Our study highlighted the potential of LLMs in classifying patient complaints in primary care using HCAT (GP) taxonomy. While GPT-4o and Claude 3.5 demonstrated promising results, further fine-tuning and model training are required to improve accuracy. Integrating AI into complaint analysis can facilitate proactive identification of systemic issues, ultimately enhancing quality improvement and patient safety. By leveraging LLMs, health care organizations can prioritize complaints and escalate high-risk issues more effectively. Theoretically, this could lead to improved patient care and experience; further research is needed to confirm this potential benefit.
患者投诉能为医疗系统的绩效提供宝贵见解,凸显员工不易察觉的潜在风险。患者投诉可推动系统性变革,提升患者安全。然而,人工分类和分析带来巨大的后勤挑战,阻碍了挖掘这些数据潜力的能力。
本研究旨在评估基于医疗投诉分析工具(HCAT)全科医学(GP)分类法的人工智能(AI)对基层医疗中患者投诉进行分类的准确性,并评估先进的大语言模型(LLMs)在投诉分类中的重要性。

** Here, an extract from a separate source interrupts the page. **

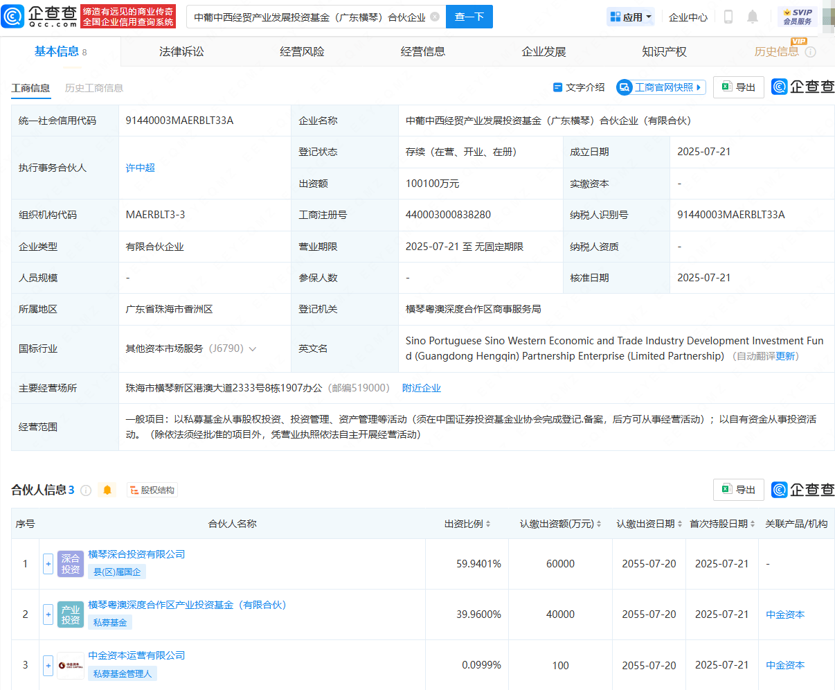 基金成立信息 - 中葡中西经贸产业发展投资基金(广东横琴)合伙企业(有限合伙)于2025年7月21日成立,出资额10.01亿元人民币 [1][2] - 基金类型为有限合伙企业,营业期限为无固定期限,登记状态为存续 [2] - 基金注册地址为广东省珠海市香洲区横琴新区港澳大道2333号8栋1907办公 [2] 股东结构 - 横琴深合投资有限公司持股59.9401%,认缴出资6亿元人民币 [3] - 横琴粤澳深度合作区产业投资基金(有限合伙)持股39.9600%,认缴出资4亿元人民币 [3] - 中金资本运营有限公司持股0.0999%,认缴出资100万元人民币 [3] 经营范围 - 以私募基金从事股权投资、投资管理、资产管理等活动 [1][2] - 以自有资金从事投资活动 [1] - 需在中国证券投资基金业协会完成登记备案后方可开展经营活动 [2] 工商信息 - 统一社会信用代码为91440003MAERBLT33A [2] - 执行事务合伙人为许中超 [2] - 登记机关为横琴粤澳深度合作区商事服务局 [2] - 国标行业分类为其他资本市场服务(J6790) [2]

这项横断面研究分析了新加坡7家公立基层医疗诊所的1816份匿名患者投诉。投诉首先由经过培训的人工编码员使用HCAT(GP)分类法,通过包括独立评估和共识讨论的严格流程进行编码。使用大语言模型(GPT - 3.5 turbo、GPT - 4o mini和Claude 3.5 Sonnet)来验证人工分类。进一步使用Claude 3.5 Sonnet来识别投诉主题。使用准确率和F1分数评估大语言模型分类与人工编码的准确性和一致性。Cohen κ检验和McNemar检验分别评估人工智能与人工的一致性,并比较人工智能模型的一致性。
大多数投诉属于HCAT(GP)管理领域(1079/1816,59.4%),具体涉及机构流程(830/1816,45.7%)。大多数投诉严重程度为中等(994/1816,54.7%),发生在诊所内(627/1816,34.5%),造成的伤害最小(75.4%)。大语言模型在HCAT(GP)领域分类中达到了中等至良好的准确率(58.4% - 95.5%),除严重程度分类外,GPT - 4o mini总体上优于GPT - 3.5 turbo。所有3个大语言模型在投诉分类中表现出中等的一致性率(平均61.9% - 68.8%),一致性水平各不相同(κ = 0.114 - 0.623)。GPT - 4o mini和Claude 3.5在几个领域(如领域和护理阶段分类)显著优于GPT - 3.5 turbo(P <.05)。使用Claude 3.5进行的主题分析确定等待时间长(393/1816,21.6%)、员工态度(287/1816,15.8%)和预约挂号问题(191/1816,10.5%)是最主要的问题,占所有投诉的近一半。
我们的研究凸显了大语言模型在使用HCAT(GP)分类法对基层医疗中的患者投诉进行分类方面的潜力。虽然GPT - 4o和Claude 3.5展示了有前景的结果,但需要进一步微调及模型训练以提高准确性。将人工智能整合到投诉分析中可促进主动识别系统性问题,最终加强质量改进和患者安全。通过利用大语言模型,医疗保健组织可以更有效地对投诉进行优先级排序并升级高风险问题。从理论上讲,这可能会改善患者护理和体验;需要进一步研究来证实这种潜在益处。